Company shares traded at $53.54, down $5.57 per share, or 9.51 percent at 1:00 p.m. EDT Tuesday (July 30).
Second-quarter earnings per share were down 4 percent to $1.40 from $1.46 in the same period a year ago because of lower demand for both sleeper and day cab tractors. Net earnings were $73.9 million compared with $76.8 million in the second quarter of 2018.
Record second-quarter total revenue was up 7 percent to $2.2 billion. Record second-quarter operating revenue was up 11 percent to $1.8 billion.
"Despite a softer freight environment compared to 2018, we delivered double-digit operating revenue growth driven by strong performance in our contractual dedicated transportation, supply chain and lease businesses," Ryder Chairman and CEO Robert Sanchez said in a statement.

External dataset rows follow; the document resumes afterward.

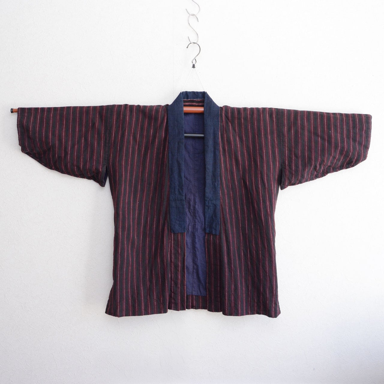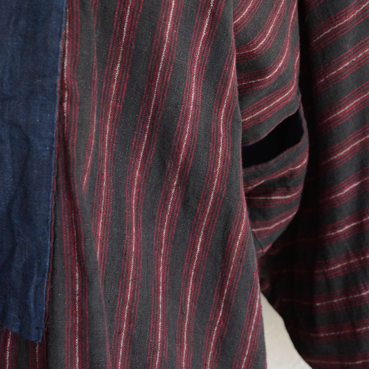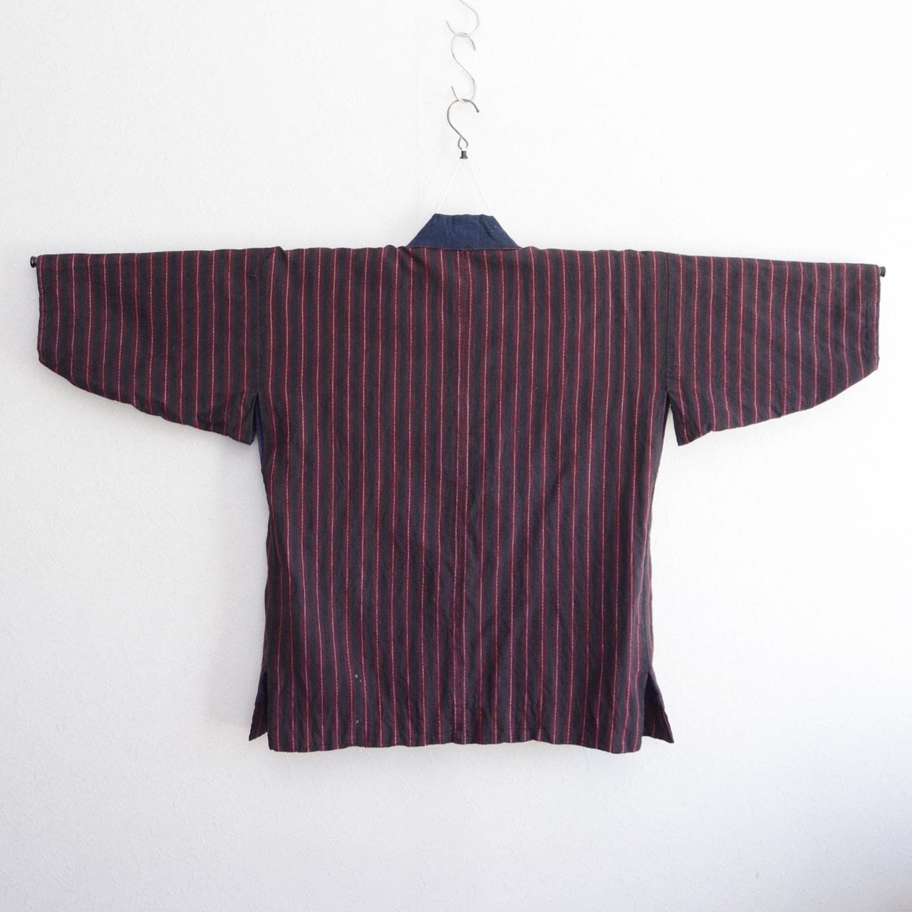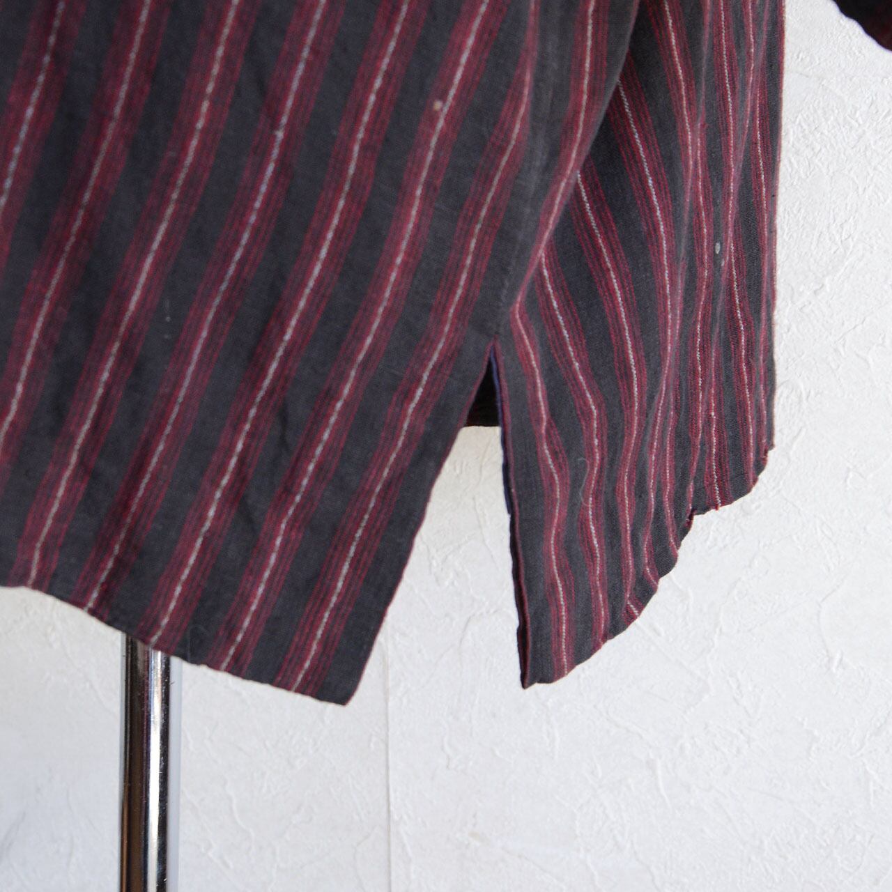 生地には、濃いチャコールグレーとレッドを組み合わせた縞模様の木綿が使われており、日本の古布ならではの力強い雰囲気を感じさせる一着です。落ち着いた色味の中に赤の縞がアクセントとなり、非常に印象的なファブリックです。
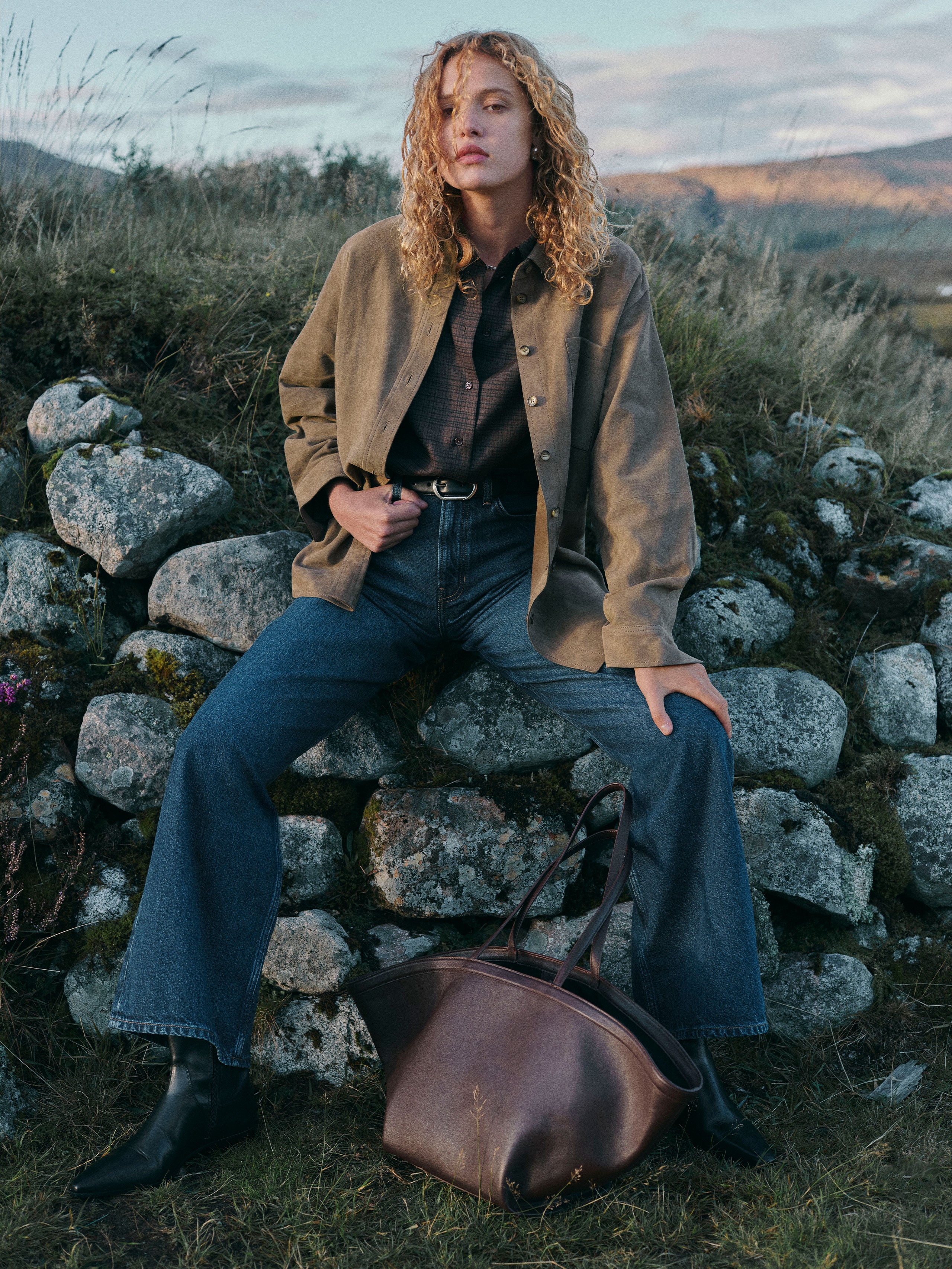 Get a hobby. Shop the Veda Eli Oversized Suede Shirt Jacket from Reformation, a jacket with a button front and patch pockets. Will go anywhere with you.
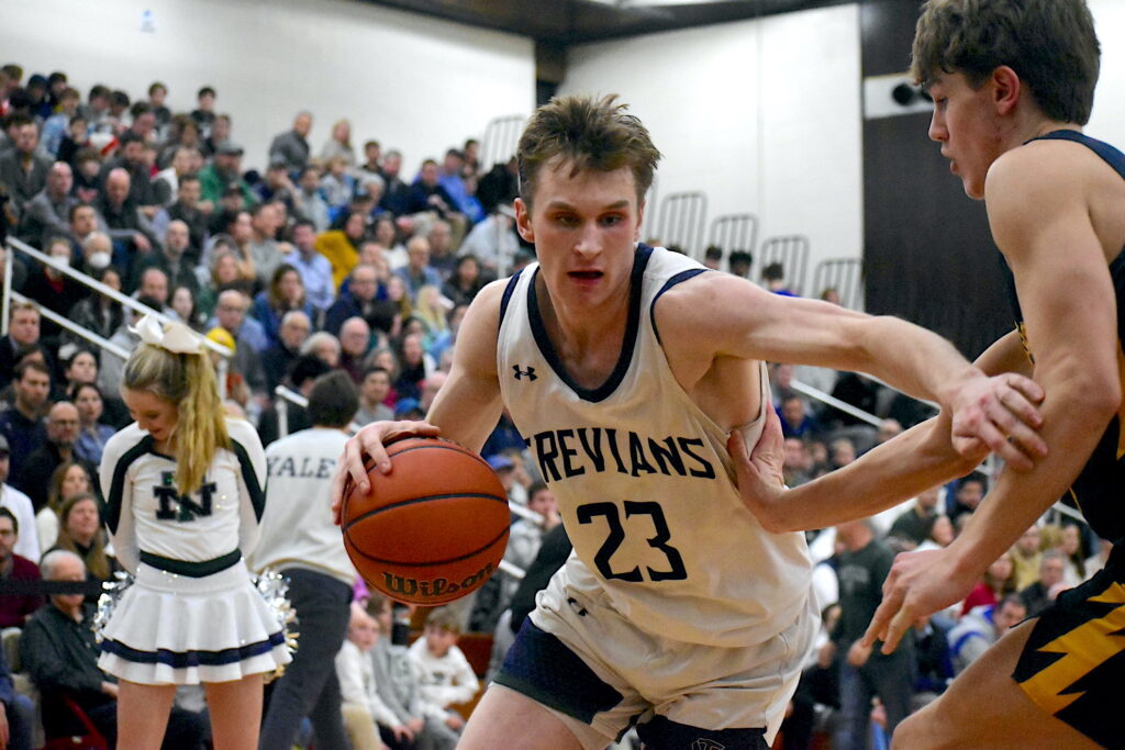 With 1.6 seconds remaining in a tie game, as Glenbrook South defenders drifted toward Fiegen, New Trier inbounder Logan Feller found a wide-open Evan Kanellos cutting to the basket. Kanellos took Feller’s pass and turned it into an uncontested, buzzer-beating layup to give the Trevians a 42-40 victory over the Titans Tuesday, Feb. 28, in a sectional semifinal matchup.
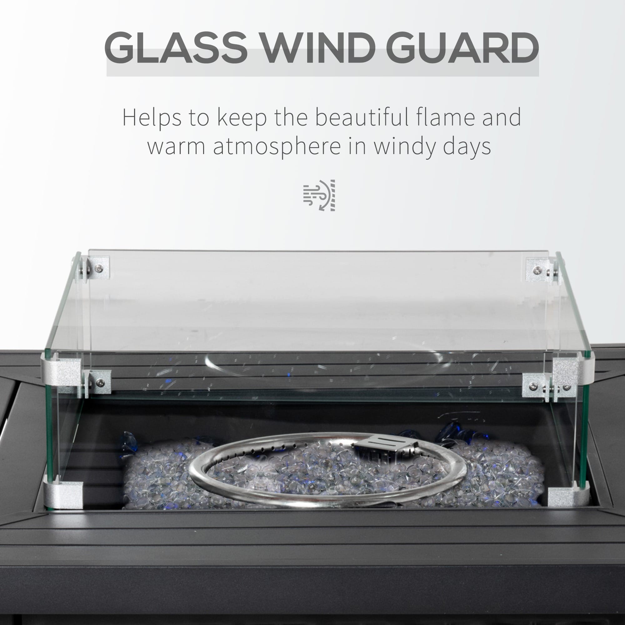 GLASS SCREEN: When windy, glass guards the beautiful flame safely – you can still see the beautiful vivid colours.
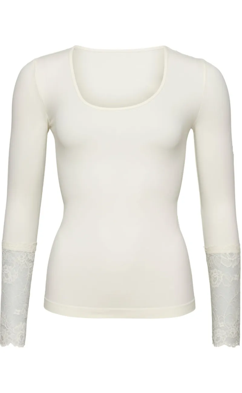 Blusen har lange ærmer med blonder, som giver et elegant look.
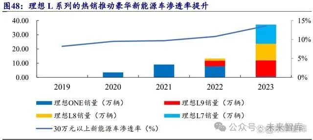 理想 L9:顶配豪华车,提升品牌调性。40 万元以上价格带的新能源乘用车渗透率 持续提升+供给端车型较少,品牌处于相对垄断地位,替代空间大。L9 解决前期用 户槽点的同时,空间更大、智能化程度更高、提升客户驾乘体验和安全性、续航更 久,理想打造 40 万元以上车型,引领品牌向上。 理想 L8、L7、L6:升级版 ONE,下沉版 L9,每款推出多个版本,覆盖更多客户 群体。理想 L8 推出 Max/Pro/Air 版本,在保留消费者核心诉求的同时,依次减配智 能驾驶和智能座舱功能,售价低至 33.98 万元;理想 L7 打造 5 座 SUV,聚焦三口 之家市场,也推出 Max/Pro/Air 版本,售价低至 31.98 万元,推出皇后座、露营大床等新功能,价格下探的同时提升驾乘人员的体验;理想 L6 价格下探至 24.98 万元, 车长控制在 5 米以内,推出 Max/Pro 版本,取消空悬,电池采用磷酸铁锂电池,首 次标配有电动遮阳帘的全景大天幕,车机芯片升级为高通骁龙 8295,性价比高。
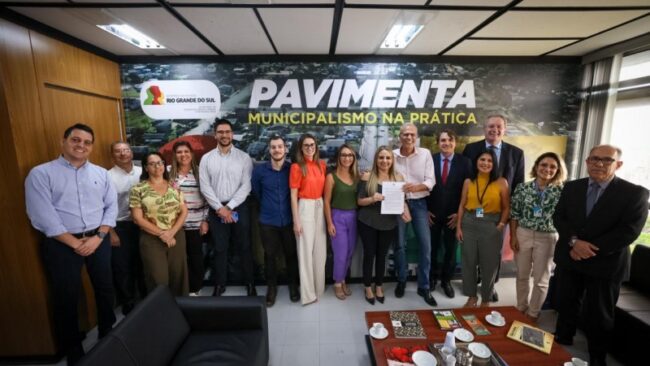 Mais uma etapa para a execução do projeto da Estrada Caminho do Meio foi concluída nesta quinta-feira (11), na Secretaria Estadual de Desenvolvimento Urbano e Metropolitano (Sedur). O secretário Rafael Mallmann e a secretária de Planejamento, Governança e Gestão, Danielle Calazans, estiveram reunidos com representantes da Caixa Econômica Federal para a assinatura do termo de contrato, que possibilitará a prestação de serviços de assistência técnica, análise e assessoria ao projeto de qualificação e melhorias da estrada.
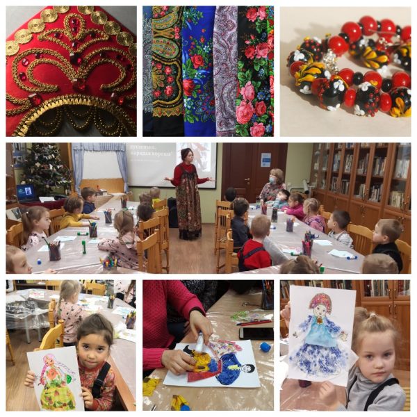 Традиционный костюм – важная часть духовной культуры народа. Русская народная одежда отличается высокой художественностью и разнообразием, сохраняет вековые традиции. Мероприятие «Во всех ты, душенька, нарядах хороша» посетили воспитанники старшей группы детского сада «Дельфинчик». В ходе музейного занятия ребятам рассказали основные типы мужского и женского костюма, особенности художественного решения их украшений и дополнений. Маленьким детям постоянно хочется творить и создавать что-то новое. Любое рукоделие способствует развитию ребенка, улучшает координацию и развивает моторику, поэтому после лекционной части наступила очередь практического занятия. Мастер-класс по моделированию элементов русской праздничной одежды из цветных салфеток и бумаги прошел очень задорно и весело.  Аппликации из цветной бумаги – давно уже ставшее традиционным творческое занятие для детей. Повторив простые действия за экскурсоводом, каждый ребенок создал аппликацию по мотивам народно костюма из цветной бумаги своими руками. Все работы получились очень яркими и объемными, чем порадовали своих маленьких владельцев.
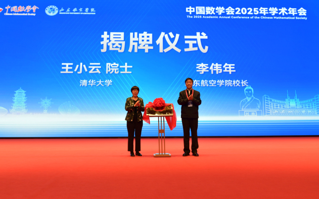 李伟年、王小云共同为刘徽学院揭牌。我校充分发挥高校资源优势,在牵头成立刘徽数学研究会的基础上,设立刘徽学院,致力于推动数学与航空交叉学科的推广应用。
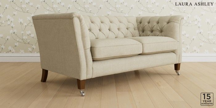 6.12.13 Buy Chatsworth Button Back by Laura Ashley 3 Seater Small Sofa Anneliese Natural Straight Chrome Castor - Teak from the Next UK online shop Click here to use our accessible website
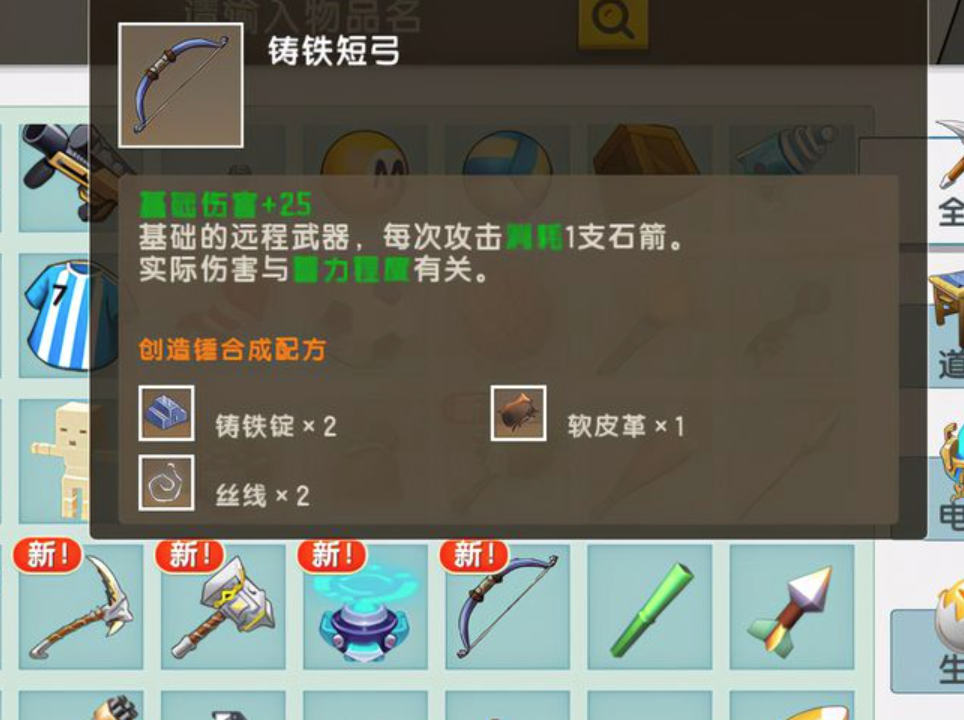 最后就是铸铁短弓,上一个版本玩家还只能使用木弓,打起来比较费劲,新版本出现了铁弓,攻击力更强,基础伤害就有25,如果蓄力时间上,伤害也会增强,作为远程武器,这是玩家必做的装备。可惜,这把武器制造难度大,不是说材料不好找,前期个人玩家不一定能体验到。
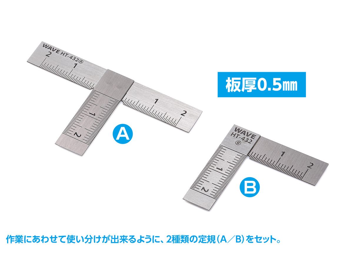 ・作業にあわせて使い分けが出来るように、2種類の定規(A/B)をセット。

On the company's earnings call, Sanchez told analysts that lower sales of used tractor cabs and slower rentals hit the company in June. That led Ryder to slash prices by 10 percent for vehicles in inventory. He said many of those will sell at wholesale, though he hopes for retail demand because Ryder would make a larger profit.
Ryder's experience tracks with slower orders for new trucks dating to November 2018 while manufacturers work through a backlog of new heavy-duty trucks ordered in 2018.
"Data that support our forecast of an impending market correction continue to mount with the continued building of new equipment inventories that will require right-sizing in 2020," said Kenny Vieth, president and senior analyst at ACT Research.
Full-year guidance lowered
Ryder reduced its full-year per share forecast to a range of $5.50 to $5.80 from $6.05 to $6.35 because it expects a weaker market for used Class 8 trucks, which represent about one-third of Ryder's inventory. Sanchez said exports are low because of the strength of the U.S. dollar among world currencies.
"It's hard to tell where the market will settle in the next couple of months," Sanchez said.
Most forecasts for-hire trucking companies and other fleets look for a continued softening in freight demand. According to ACT Research, trucking is in a technical recession, defined as two consecutive quarters of negative growth.
Sanchez said Miami-based Ryder is on track to achieve its multi-year $75 million maintenance cost-savings initiative. COOP by Ryder, an asset sharing platform for commercial vehicles, is getting positive consumer feedback following an expansion into Florida earlier this year.
Ryder's last-mile e-commerce fulfillment solution with new facilities in California, Pennsylvania and Texas can reach 95 percent of the nation's consumers with two-day delivery.